In what seems to have become standard government procedure in Vietnam, permission requested months in advance was granted — at a venue several kilometers from the one organizers sought — just three hours before the first major celebration of the Centennial of Protestantism in Vietnam (1911–2011) at Thanh Long Stadium in Ho Chi Minh City on April 9 was scheduled to begin. Argentine-born Luis Palau delivered the gospel message.
The venue change meant equipment staged in one part of the city had to be moved to the new location before it could be assembled, church leaders said. It also meant notifying many thousands of people invited to one venue about the change to the other, they said.
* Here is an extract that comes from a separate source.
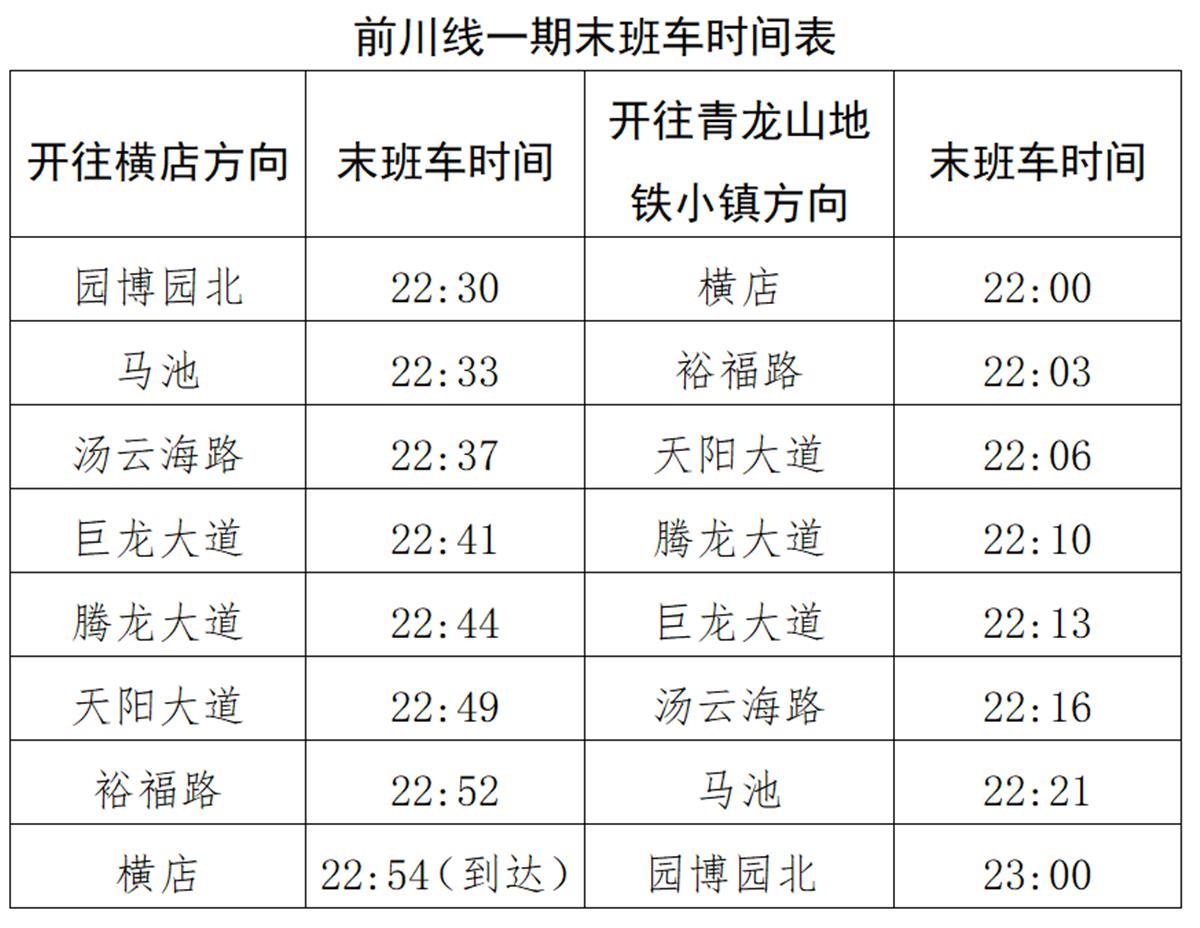 为了高效运营和科学调度,前川线一期与7号线贯通运营后,全线按照大小交路1:1组织运营。大交路为横店站至青龙山地铁小镇站,全周转(列车跑一圈)时间为196分钟;小交路为巨龙大道站至板桥站,全周转(列车跑一圈)时间为123分钟。7号线(含前川线一期)末班车时间如下:22时,横店站开往青龙山地铁小镇站末班车发出;22时30分,园博园北站开往横店方向末班车发出;23时,园博园北站开往青龙山地铁小镇站末班车、青龙山地铁小镇站开往园博园北站末班车同步发出。

Given the lack of government cooperation, the leader of Vietnam’s Evangelical Fellowship (of house churches) said the fact that the event went ahead at all was “an absolute miracle.”
Nguyen Xuan Duc, president of the Vietnam World Christian Fellowship, said he was encouraged about the future of the church in Vietnam. “These are watershed days for Protestantism in Vietnam,” he said. “There is no fear, but rather wonderful spontaneity and irrepressible joy. Events like this happen in spite of the government and without the blessing of some overly conservative church leaders.”